Gemeenten zijn vrij in de keuze van de wijken waar ze geld voor stedelijke vernieuwing inzetten. In de praktijk wordt een groot deel van dat geld ingezet in de 56 wijken. Ik streef naar een gelijkmatige uitfinanciering van de gelden voor stedelijke vernieuwing. Voor de jaren 2006 tot en met 2009 uit de ISV2 periode is dat behoorlijk verwezenlijkt. De afwijking tussen de jaren is relatief gering. Slechts het jaar 2005 komt lager uit. Dit is door VROM onderkend. Zo is bijvoorbeeld in de 1e suppletore begroting 2005 in 2005 € 30 mln vanuit het jaar 2010 toegevoegd. Overigens wil ik hierbij opmerken dat in 2005 nog een fors bedrag (€ 150 mln.) ISV1 middelen wordt uitbetaald. Ook in de toekomst zal naar een evenwichtige uitfinanciering gestreefd worden. Het betalingsritme blijft echter afhankelijk van de (on)mogelijkheden binnen de VROM-begroting en de Rijksbegroting. De gemeenten kunnen zonodig bijdragen aan een gelijkmatig investeringsvolume door gebruik te maken van voorfinanciering.

23

Wat is de oorzaak van het nog op gang moeten komen van de bedrijvenregeling subsidies bodemsanering? Welke acties worden uitgevoerd om de werking van de regeling te bevorderen? Is het reëel om te veronderstellen dat de onderschrijding eenmalig is?

De bedrijvenregeling is in het leven geroepen om historische bodemverontreiniging op bedrijfsterreinen te helpen oplossen. Echter de subsidie is zodanig opgezet, dat nog steeds een substancieel gedeelte van de kosten gedragen moet worden door de eigenaar/veroorzaker (gemiddeld 65%). Bedrijven wachten dan ook met saneren tot een moment dat zij de maatregelen kunnen combineren met een verbouwing of een verkoop. Zij melden zich pas bij een bevoegd gezag als deze plannen vaste vormen hebben aangenomen. De aanmeldingseisen worden nu versoepeld. Een bedrijf hoeft geen nader onderzoek uitgevoerd te hebben ten tijde van de aanmelding. Verder worden ook deelsaneringen subsidiabel. Er is overigens geen sprake van onderbesteding van het budget, aangezien de bedrijvenregeling geen eigen budget heeft; gelden konden bij andere ernstige en urgente gevallen ingezet worden. Verder wordt voorzien dat de regeling in de komende jaren zal aantrekken, mede als gevolg van de komst van organisaties als het Bodemcentrum (zie vraag 25).

24

Wat is de verklaring voor het gegeven dat er geen beroep is gedaan op de garantieregelingen in het kader van de vrijwillige bodemsanering? Welke consequenties heeft dit voor het te voeren beleid?

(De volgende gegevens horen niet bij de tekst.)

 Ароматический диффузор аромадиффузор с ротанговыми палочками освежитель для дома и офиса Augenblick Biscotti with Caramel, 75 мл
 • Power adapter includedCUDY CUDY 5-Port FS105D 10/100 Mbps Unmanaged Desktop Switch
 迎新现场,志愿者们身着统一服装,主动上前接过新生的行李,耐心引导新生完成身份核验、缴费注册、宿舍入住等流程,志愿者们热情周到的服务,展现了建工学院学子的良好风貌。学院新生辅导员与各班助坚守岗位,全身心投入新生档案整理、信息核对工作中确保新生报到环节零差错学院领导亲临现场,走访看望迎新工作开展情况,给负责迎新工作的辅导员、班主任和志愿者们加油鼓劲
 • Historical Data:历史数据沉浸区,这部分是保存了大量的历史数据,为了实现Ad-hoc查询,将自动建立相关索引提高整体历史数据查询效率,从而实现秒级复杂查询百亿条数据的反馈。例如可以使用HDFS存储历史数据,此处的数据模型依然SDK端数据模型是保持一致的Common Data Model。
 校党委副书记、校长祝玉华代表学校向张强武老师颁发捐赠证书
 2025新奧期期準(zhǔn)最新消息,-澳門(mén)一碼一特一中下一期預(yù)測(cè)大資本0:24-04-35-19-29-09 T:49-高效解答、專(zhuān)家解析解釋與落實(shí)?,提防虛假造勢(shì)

Voor bedrijven, en zeker de kleinere, is bodemsanering een activiteit die ver buiten hun «core business» valt, en die bovendien maar eenmalig is. Er heerst een grote onbekendheid ten aanzien van de regelingen, mogelijkheden en financiële instrumenten bij de initiatiefnemer, vandaar zo weinig beroep op de garantieregeling. Bovendien ligt de rente van de huidige leningen met overheidsgarantie boven de marktrente. De bekendheid van deze regelingen zal toenemen door de komst van een Bodemcentrum dat faciliterend zal optreden voor bedrijven. In dat kader zullen deze regelingen nader bestudeerd worden met de intentie om de garantieregelingen en de groenfinanciering voor bodemsaneringsprojecten in te zetten, waardoor de rente van een te verstrekken lening beneden de marktrente kan blijven.

25

Kunt u nader onderbouwen waarom de ontwikkeling en haalbaarheidsonderzoek van het Bodemcentrum € 2 miljoen moet kosten? Kunt u ook aangeven of en zo ja hoeveel private organisaties bijdragen?

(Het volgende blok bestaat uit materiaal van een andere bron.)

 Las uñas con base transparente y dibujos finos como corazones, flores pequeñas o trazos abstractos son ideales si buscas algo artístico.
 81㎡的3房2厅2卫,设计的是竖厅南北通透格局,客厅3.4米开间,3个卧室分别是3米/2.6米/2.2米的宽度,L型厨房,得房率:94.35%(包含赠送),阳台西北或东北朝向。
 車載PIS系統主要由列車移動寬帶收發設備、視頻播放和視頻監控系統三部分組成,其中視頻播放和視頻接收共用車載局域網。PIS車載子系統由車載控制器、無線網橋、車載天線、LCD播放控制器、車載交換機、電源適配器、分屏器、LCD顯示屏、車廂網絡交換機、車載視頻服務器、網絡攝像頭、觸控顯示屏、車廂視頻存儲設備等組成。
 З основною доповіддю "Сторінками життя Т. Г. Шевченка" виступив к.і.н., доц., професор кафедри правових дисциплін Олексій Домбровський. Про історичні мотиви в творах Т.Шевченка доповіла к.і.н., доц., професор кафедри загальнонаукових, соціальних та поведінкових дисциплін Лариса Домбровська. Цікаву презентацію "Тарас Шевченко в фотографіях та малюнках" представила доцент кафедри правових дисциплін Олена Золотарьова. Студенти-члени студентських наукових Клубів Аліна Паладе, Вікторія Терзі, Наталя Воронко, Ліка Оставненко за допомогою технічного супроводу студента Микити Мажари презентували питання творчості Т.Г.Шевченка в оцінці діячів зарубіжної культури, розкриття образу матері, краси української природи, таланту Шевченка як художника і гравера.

Het haalbaarheidsonderzoek van Bodemcentrum bestrijkt een periode van circa 1,5 jaar, waarin een groot marktonderzoek wordt uitgevoerd. Verder is met alle betrokken partijen (overheden, koepelorganisaties, aannemers en projectontwikkelaars, benevens organisaties die zich op dit moment met aanvullende activiteiten bezighouden, zoals de BSB-stichtingen, die de bodemsanering op bedrijfsterreinen begeleiden, en de Stichting Bodemsanering Nederlandse Spoorwegen) overlegd over haalbaarheid, samenwerking e.d.. Daarnaast worden diverse zaken (contracten, procedures, financiële infrastructuur, saneringstechnische documentatie) ontwikkeld. Ook zal er nog een vijftal pilots worden uitgevoerd om de volledigheid van de aanpak te testen. Het geheel van deze activiteiten is begroot op € 2 mln.

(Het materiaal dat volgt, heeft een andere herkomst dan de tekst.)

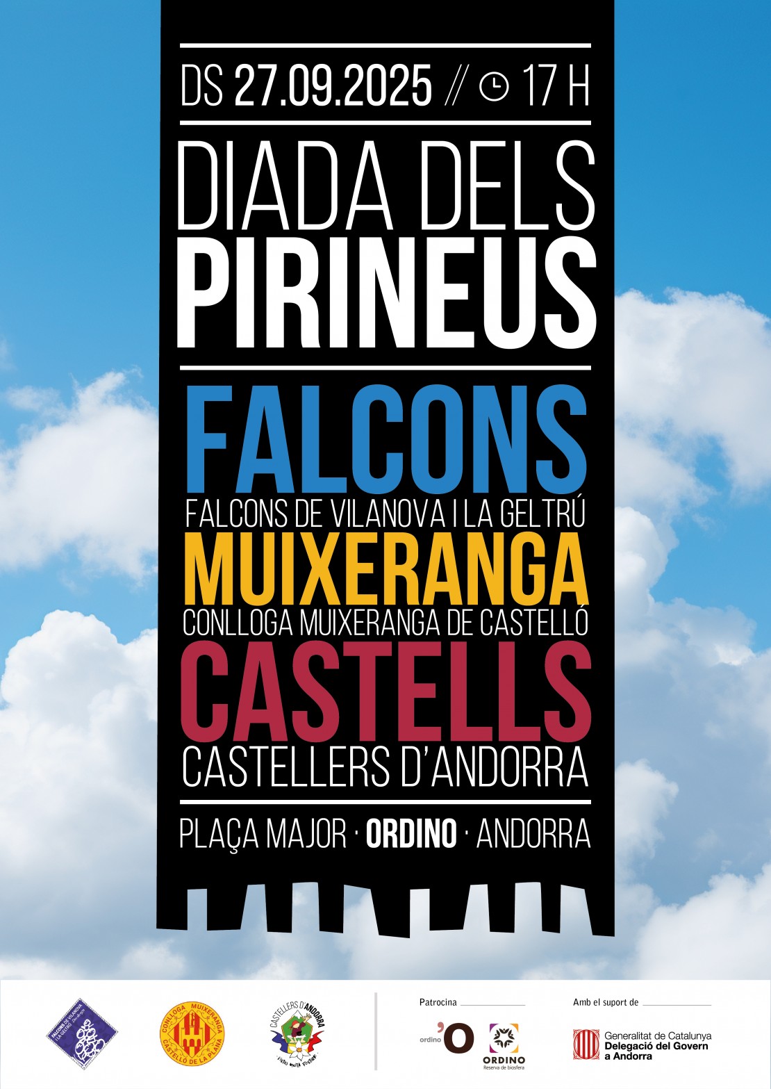 Diada dels Pirineus: Falcons, Muixeranga i Castells, amb Falcons de Vilanova i la Geltrú, Conlloga Muixeranga de Castelló i Castellers d’Andorra.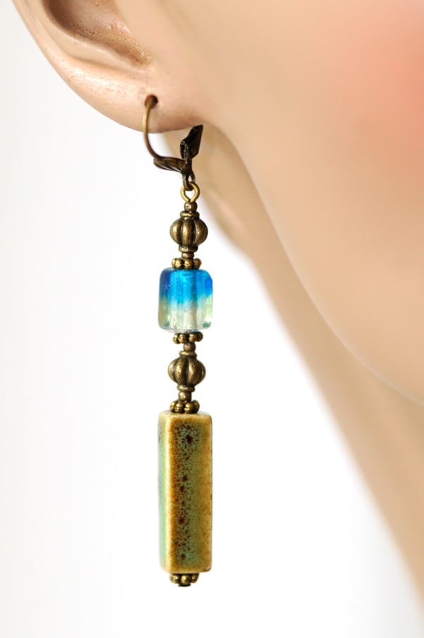 Casual earrings featuring a gorgeous composition of glass beads, ceramic beads and antique brass baroque elements. Ethnic style lovers, will you resist SANTA FE dangle earrings? Length: 7.5 cm. Limited edition.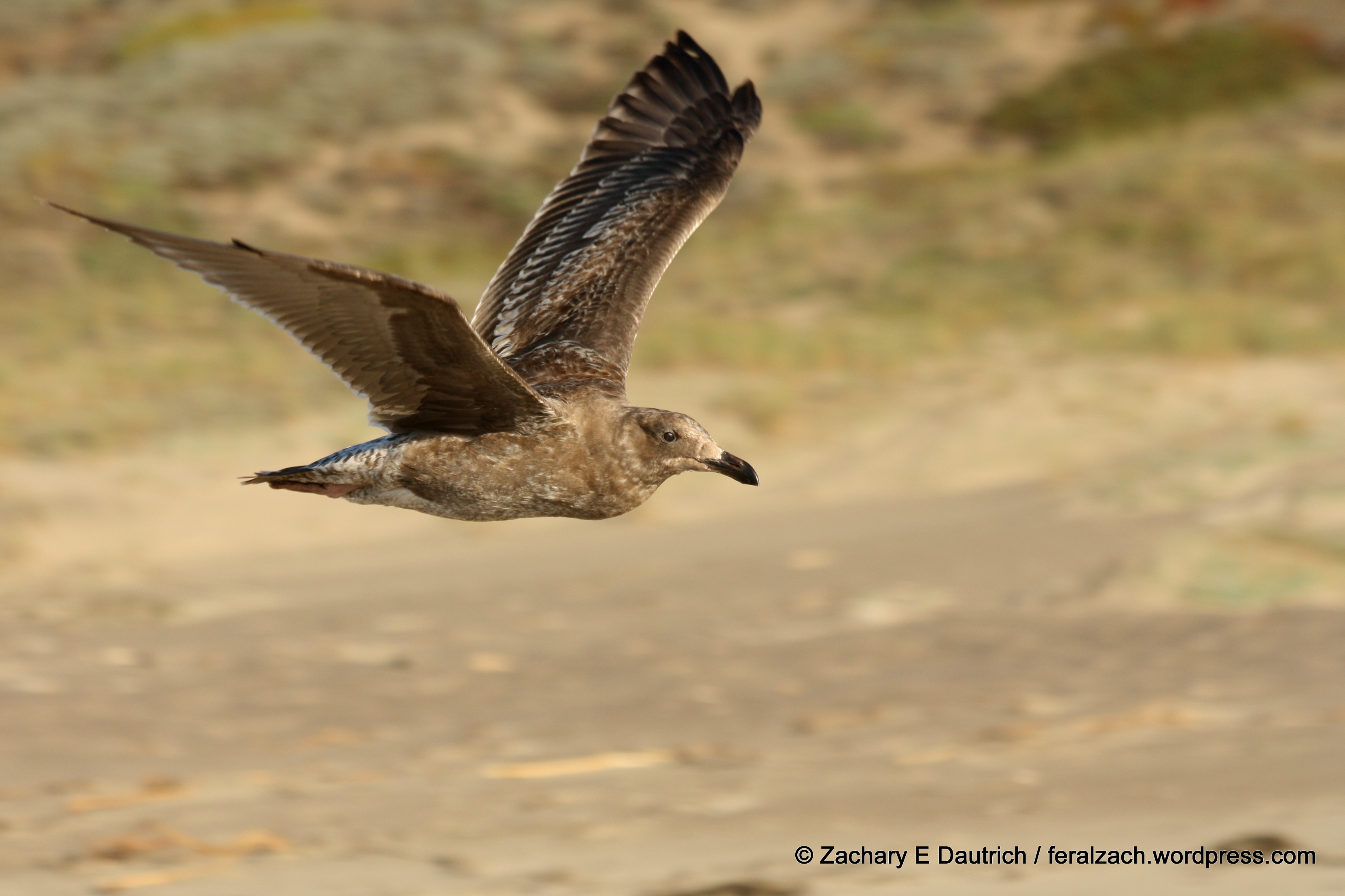 I didn’t get a picture, but we observed what we believed to be two or three pomarine jaegers (a type of flying sea bird) offshore attacking some elegant terns out at an area where many birds were feeding. It was my first sighting of this species, and evidently it’s uncommon to see them from shore (usually they are seen from boats further out to sea). There were quite a few dead murres along the beach, these are also ocean-going birds, but curiously they come onshore almost exclusively to die. Often people see these birds on the beach and try to save them, not realizing that they are already doomed. Many a kind-hearted person has been confused and heart-broken trying to help these birds. I photographed one last year down towards Moss Landing near Monterey. They look a bit like penguins when they are sitting or moving out of the water.

Doel van de Uitvoeringsorganisatie voor bodemsanering in het MKB is het ontwikkelen van een full-service oplossing voor naar schatting 12.000 tot 20.000 bedrijven, die momenteel met ernstige en urgente bodemverontreiniging te maken hebben: ontzorging bij een eenmalig en moeilijk traject, het geven van een vrijwaring na sanering, kwalitatief goede en goedkope inkoop van de sanering, financiering en verzekering tegen kostenoverschrijding. De noodzakelijke voorbereidende werkzaamheden voor de oprichting sluiten daarop aan: juridisch, fiscaal, saneringstechnisch, financieel, administratief, ict, communicatie e.d.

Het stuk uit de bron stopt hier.